# EXERCISE OBJECTIVE
Among the entries below, find the line with "gauge (2 hands).", then quote it and each following line up to and including the line with "Winnifred (Mason) Huck,1882-1936,American", and nothing else.

# DATASET EXTRACT
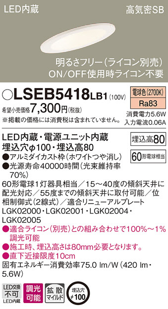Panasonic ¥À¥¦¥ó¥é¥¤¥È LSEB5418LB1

* * *

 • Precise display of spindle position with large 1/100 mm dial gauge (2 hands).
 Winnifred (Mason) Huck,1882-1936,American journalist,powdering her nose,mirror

* * *

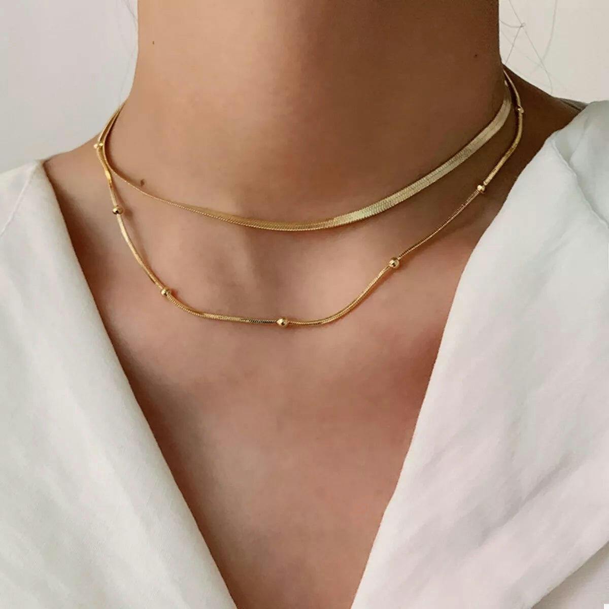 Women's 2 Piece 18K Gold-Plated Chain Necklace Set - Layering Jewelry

# EXPECTED ANSWER
 • Precise display of spindle position with large 1/100 mm dial gauge (2 hands).
 Winnifred (Mason) Huck,1882-1936,American journalist,powdering her nose,mirror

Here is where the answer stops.